The legal foundation for the Egyptian state's control of church property was the Ottoman Hamayouni Decree of 1856. This decree sought to eliminate discrimination between citizens of different ethnicities and religions. Amongst other things, it gave Christians the right to construct places of worship by requiring them to submit a request to the Sultan.

After Egypt gained its independence, the Hamayouni Decree was modified in 1934 by the Deputy Minister of the Interior, Al-Ezabi Pacha in the Al-Ezabi Decree. This comprised a set of 10 conditions which had to be met before any application was
presented to the President for approval. These vague criteria include taking into account objections from local Muslims, the distance between the proposed church and the nearest mosque, the number of Christians in the area and whether or not the
proposed church is near the Nile, public utility or railway. Human rights monitors have stated that the conditions of the decree are in contradiction with the 1971 constitution. The Al-Ezabi "amplification" has, in reality, served to hinder Christians and other religious minorities from maintaining and building places of worship.

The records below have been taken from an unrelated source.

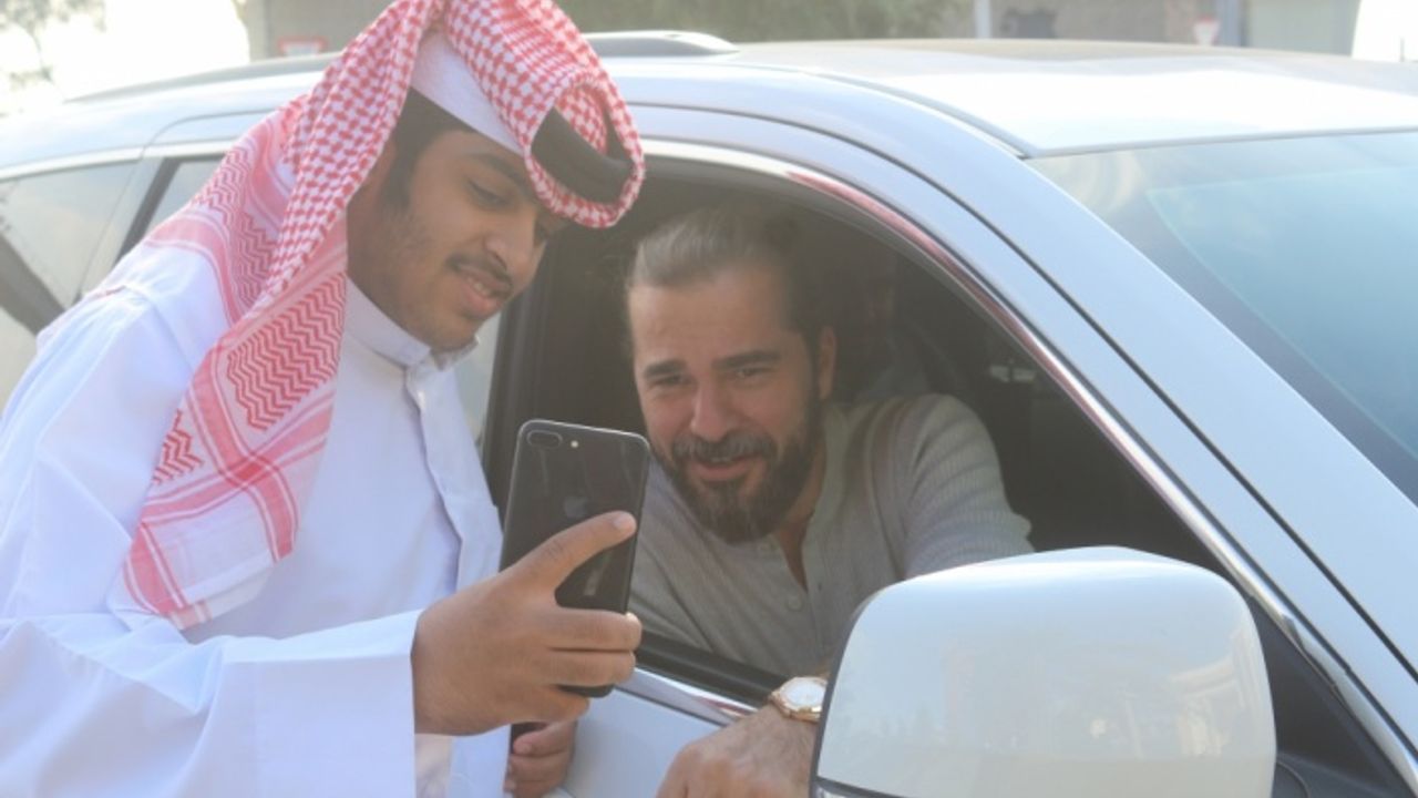 Hayranları Arap dünyasında beğeniyle izlenen "Diriliş Ertuğrul" dizisi oyuncusu Düzyatan'la fotoğraf çektirmek için birbiriyle yarıştı.
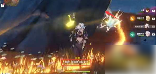 4、放置完岩柱子之后,使用大剑往右前方的大石头上砍一刀,然后地面就震动起来了
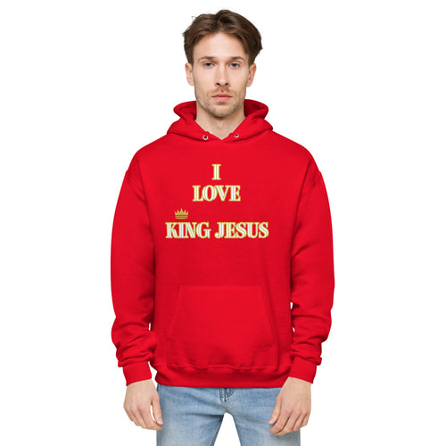 KING JESUS - Unisex fleece hoodie - Red/Gold & White Text
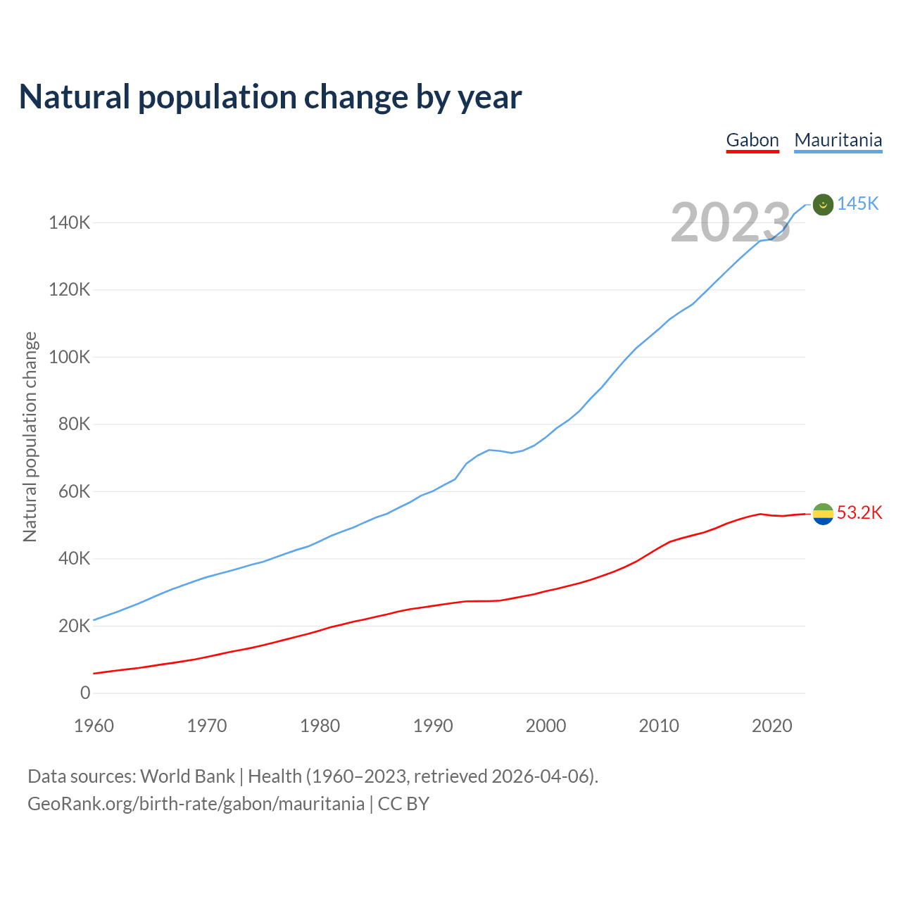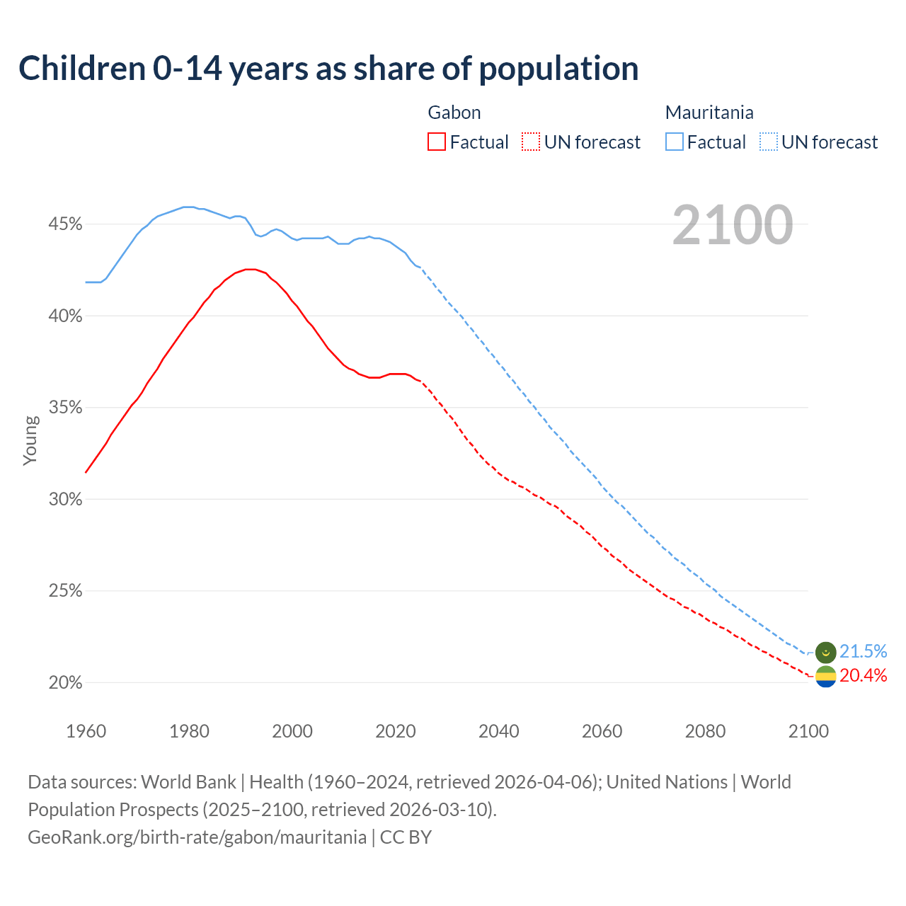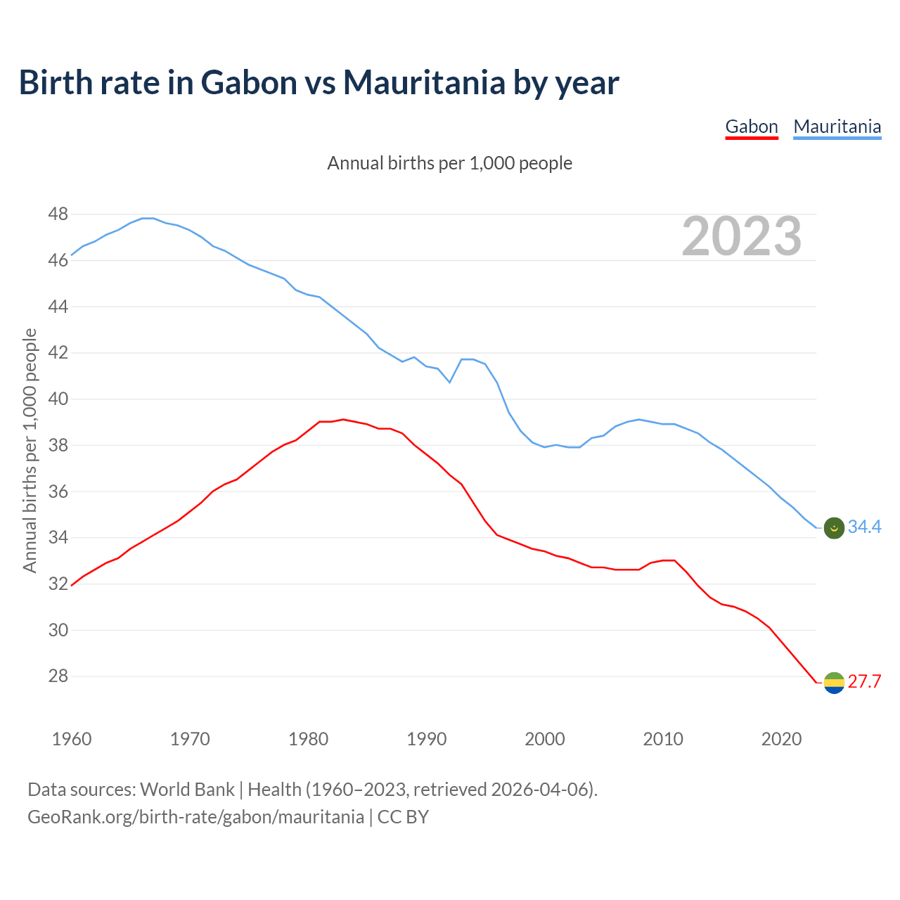 Gabon has an annual birth rate of 27.7 births per 1,000 people, compared to 34.4 for Mauritania. The average number of children a woman is expected to have during her lifetime — the fertility rate, is 3.65 in Gabon and 4.7 in Mauritania — 28.8% difference.

Regarding repairs to church property, progress has been made over the past few years following considerable national and international criticism of the decree. In January 1998, an amendment was made which delegated presidential authority to issue permits for church renovation to the country's 26 provincial governors. On , President Mubarak decreed that church repairs no longer required a presidential, governor's or federal ministry permit. Instead, the repair of all places of worship was to be subject to a 1976 civil construction code, symbolically placing the repair of mosques and churches on equal footing before the law.